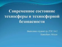 Современное состояние техносферы и техносферной безопасности Выполнил студент
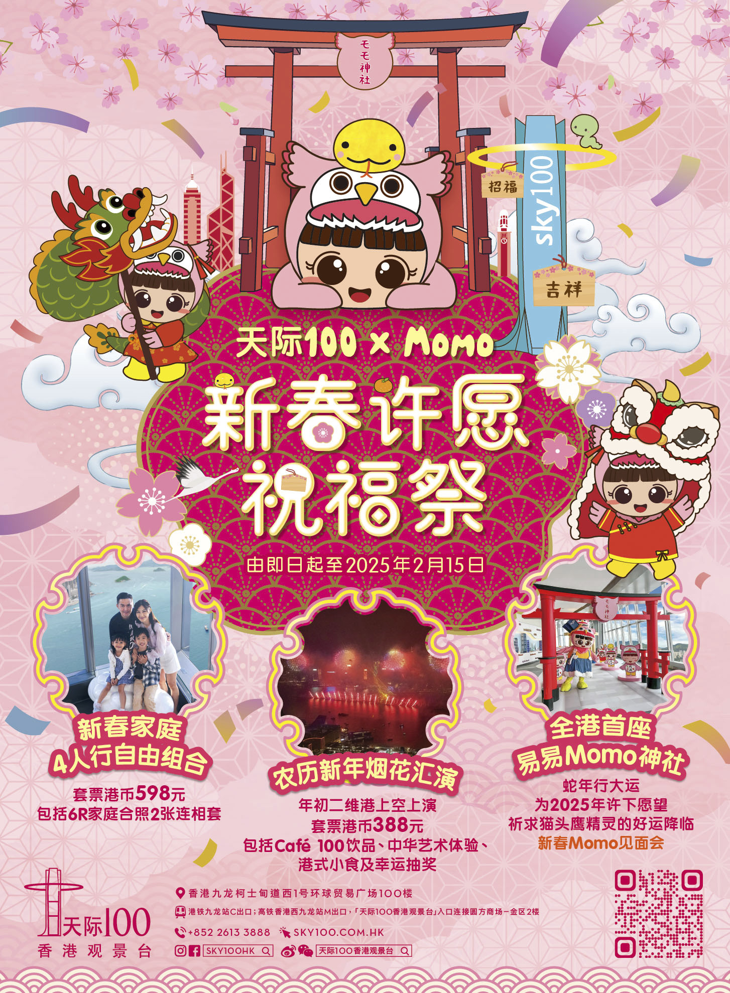 天際100於農曆新年期間,特意設置易易MoMo神社,讓訪客仿如置身日本,祈求新一年事事順景。神社的吉祥物是招福精靈易易MoMo,她常掛在口邊的口頭禪「咕咕咕」跟日文「不苦勞」的發音相似,象徵對新年的期盼,在蛇年給大家帶來正能量。
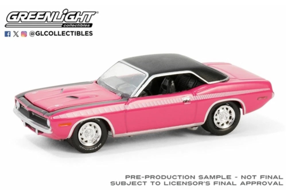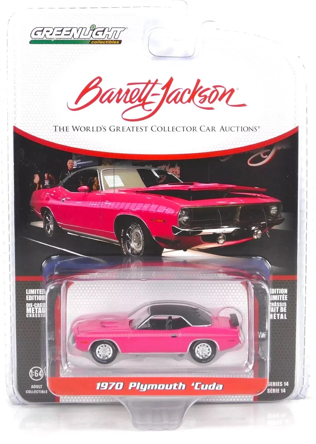 Kolekcjonerski model metalowy z elementami plastikowymi samochodu PLYMOUYH CUDA z roku 1970 w kolorze różowym.Model z serii Barrett Jackson Las Vegas Edition,Edycja 14.
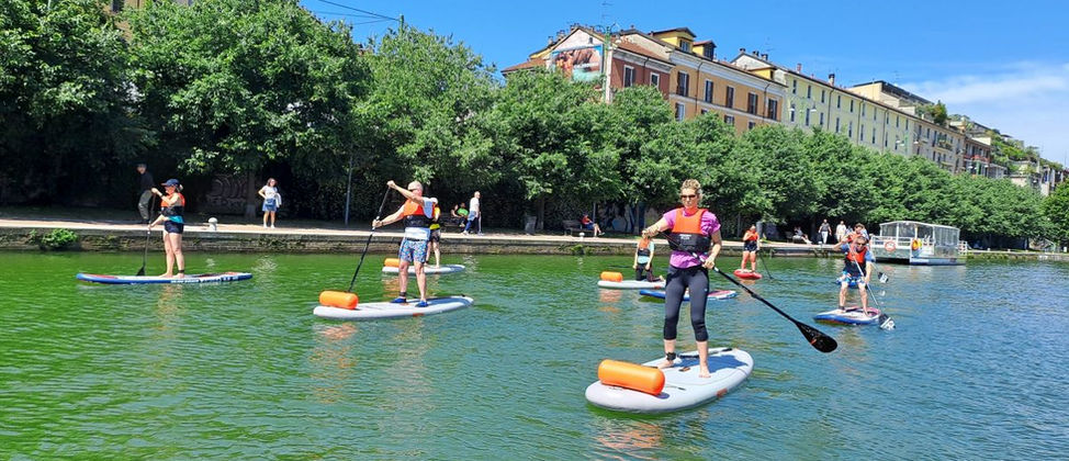 Per scoprire un quartiere storico di Milano osservando la città da un'altra prospettiva pagaiando a ritmo lento sul SUP.
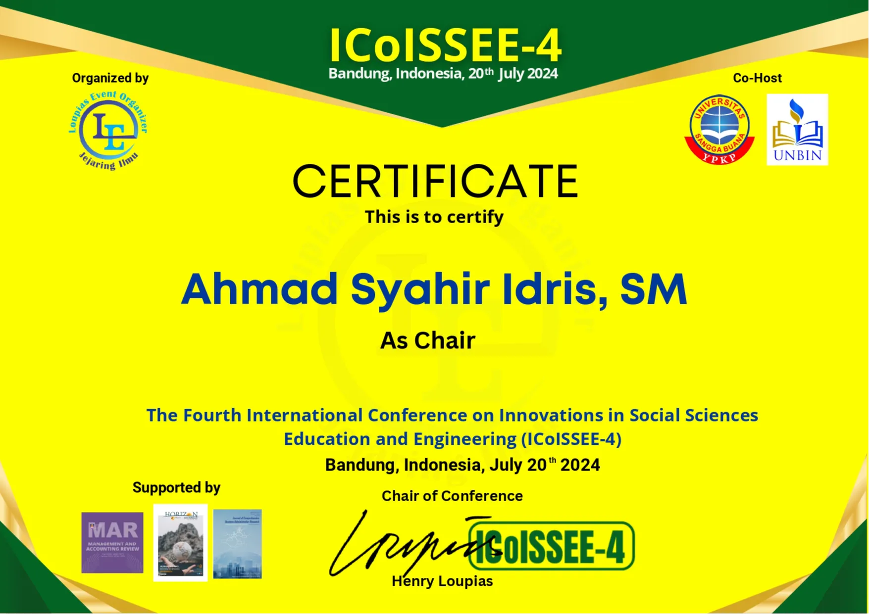 Bandung, 20 Juli 2024 — Konferensi Internasional Keempat tentang Inovasi dalam Pendidikan Ilmu Sosial dan Teknik (ICISSEE 2024) resmi dibuka hari ini di Bandung, dengan Ahmad Syahrir Idris, SM, mahasiswa Magister Ilmu Pemerintahan Universitas Mulawarman, memimpin sebagai Ketua Acara. Konferensi ini dihadiri oleh lebih dari 300 peserta yang berasal dari berbagai negara, termasuk akademisi, profesional, dan mahasiswa, untuk menjelajahi perkembangan terbaru dan inovasi dalam bidang ilmu sosial dan teknik.
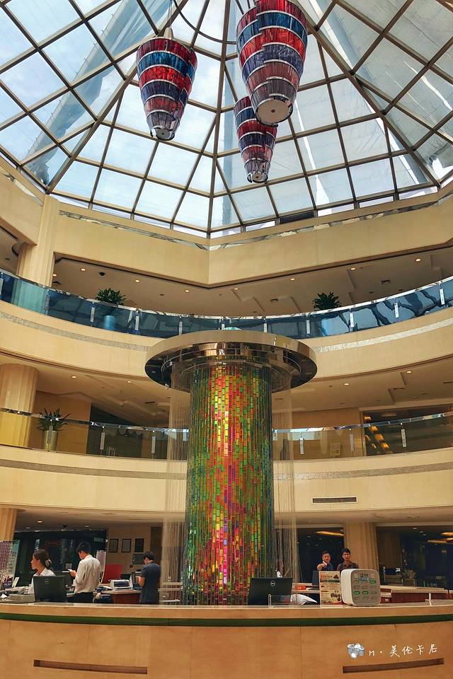 在房间露台吃午饭虽不可行,但顶着炎炎烈日又懒得远走,就选在酒店一楼的美泉宫解决午餐。美泉宫虽是中规中矩的中式装修,却也暗藏了一点小心机,精致优雅的水晶吊灯居然是个大型风铃,空调一开就发出“叮叮当当”悦耳的声响,小丫头对这种又好看又动听的新鲜事物稀罕到不行,硬是把我的手机要过去给吊灯拍了一堆照片……
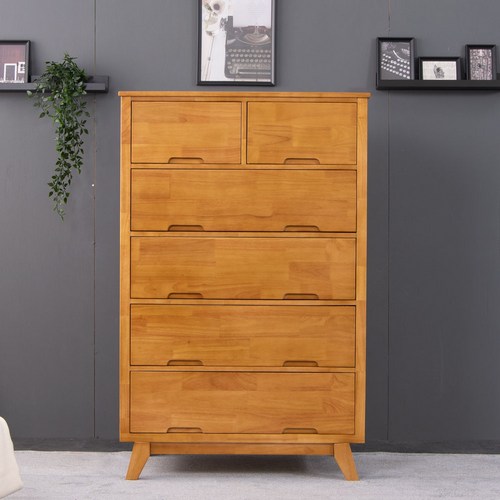 브라솔 해리 고무나무 원목 광폭 수납 5단 서랍장, 오크
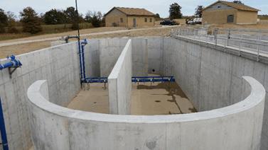 Oxidation ditches have traditionally been mixed and aerated with surface mounted equipment such as brushes, rotors or slow speed aerators. Surface mounted equipment typically requires a shallow basin depth to maintain complete mix and reasonable oxygen transfer efficiency and can take up a large footprint. Jet aeration systems are just the opposite. Jets are mounted to the basin floor and rely on water depth and bubble residence time to achieve a high level of oxygen transfer efficiency. Ditch depths can range from 12’ to as high as 24’, maximizing oxygen transfer, greatly reducing footprint, and resulting in construction cost savings. Additionally, independent control of mixing and aeration allows for complete mix in the ditch, while varying blower speeds control dissolved oxygen levels.
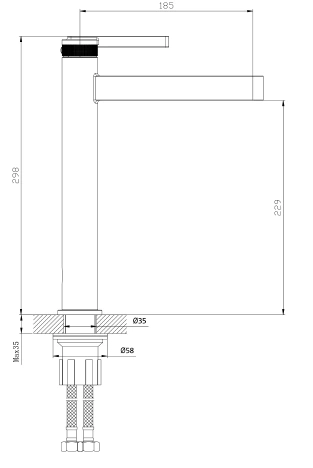 • Wysokość całkowita: 298 mm; zasięg wylewki: 185 mm; zalecany otwór montażowy: 35 mm; przyłącza 3/8"; długość wężyków: 400 mm.

▶ **Task details**:
Return all of the material exactly, without pictures.

▶ **Task response**:
 Современное состояние техносферы и техносферной безопасности Выполнил студент
 天際100於農曆新年期間,特意設置易易MoMo神社,讓訪客仿如置身日本,祈求新一年事事順景。神社的吉祥物是招福精靈易易MoMo,她常掛在口邊的口頭禪「咕咕咕」跟日文「不苦勞」的發音相似,象徵對新年的期盼,在蛇年給大家帶來正能量。
 Kolekcjonerski model metalowy z elementami plastikowymi samochodu PLYMOUYH CUDA z roku 1970 w kolorze różowym.Model z serii Barrett Jackson Las Vegas Edition,Edycja 14.
 Per scoprire un quartiere storico di Milano osservando la città da un'altra prospettiva pagaiando a ritmo lento sul SUP.
 Bandung, 20 Juli 2024 — Konferensi Internasional Keempat tentang Inovasi dalam Pendidikan Ilmu Sosial dan Teknik (ICISSEE 2024) resmi dibuka hari ini di Bandung, dengan Ahmad Syahrir Idris, SM, mahasiswa Magister Ilmu Pemerintahan Universitas Mulawarman, memimpin sebagai Ketua Acara. Konferensi ini dihadiri oleh lebih dari 300 peserta yang berasal dari berbagai negara, termasuk akademisi, profesional, dan mahasiswa, untuk menjelajahi perkembangan terbaru dan inovasi dalam bidang ilmu sosial dan teknik.
 在房间露台吃午饭虽不可行,但顶着炎炎烈日又懒得远走,就选在酒店一楼的美泉宫解决午餐。美泉宫虽是中规中矩的中式装修,却也暗藏了一点小心机,精致优雅的水晶吊灯居然是个大型风铃,空调一开就发出“叮叮当当”悦耳的声响,小丫头对这种又好看又动听的新鲜事物稀罕到不行,硬是把我的手机要过去给吊灯拍了一堆照片……
 브라솔 해리 고무나무 원목 광폭 수납 5단 서랍장, 오크
 Oxidation ditches have traditionally been mixed and aerated with surface mounted equipment such as brushes, rotors or slow speed aerators. Surface mounted equipment typically requires a shallow basin depth to maintain complete mix and reasonable oxygen transfer efficiency and can take up a large footprint. Jet aeration systems are just the opposite. Jets are mounted to the basin floor and rely on water depth and bubble residence time to achieve a high level of oxygen transfer efficiency. Ditch depths can range from 12’ to as high as 24’, maximizing oxygen transfer, greatly reducing footprint, and resulting in construction cost savings. Additionally, independent control of mixing and aeration allows for complete mix in the ditch, while varying blower speeds control dissolved oxygen levels.
 • Wysokość całkowita: 298 mm; zasięg wylewki: 185 mm; zalecany otwór montażowy: 35 mm; przyłącza 3/8"; długość wężyków: 400 mm.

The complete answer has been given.